- [Task to complete] An exact copy of all the data is needed, with every picture left out.

- [Source data]
*** Begin section ***
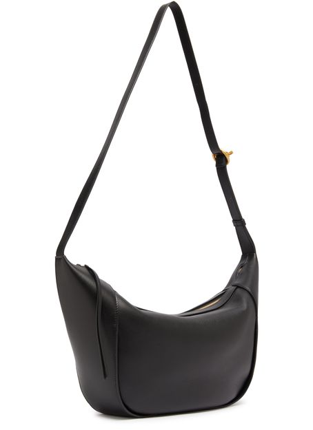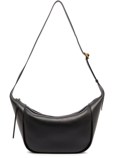 Wandler's Maggie shoulder bag boasts a sleek design with a zipper closure and a single compartment for effortless organization. Its gold finish adds a touch of elegance, while the visible topstitching enhances its charm. With a single handle and an adjustable strap, it can be worn on the shoulder for versatile styling.
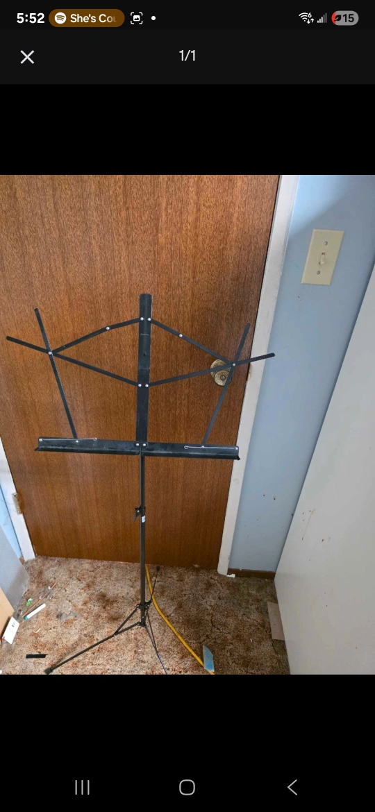 Selling a black music sheet stand. It's in good condition and ready for a new home. Perfect for musicians of all levels!
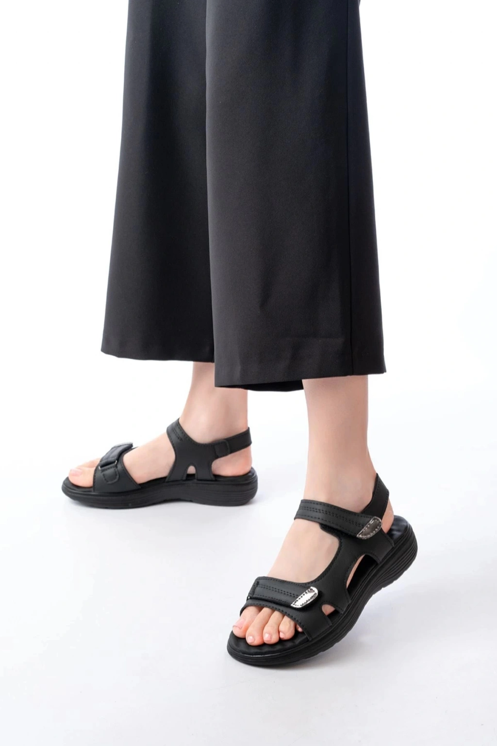 DM-363 Siyah Baret Cırtlı Dikişli Günlük Kadın Sandalet
*** End section ***
- [Solution to the exercise]
 Wandler's Maggie shoulder bag boasts a sleek design with a zipper closure and a single compartment for effortless organization. Its gold finish adds a touch of elegance, while the visible topstitching enhances its charm. With a single handle and an adjustable strap, it can be worn on the shoulder for versatile styling.
 Selling a black music sheet stand. It's in good condition and ready for a new home. Perfect for musicians of all levels!
 DM-363 Siyah Baret Cırtlı Dikişli Günlük Kadın Sandalet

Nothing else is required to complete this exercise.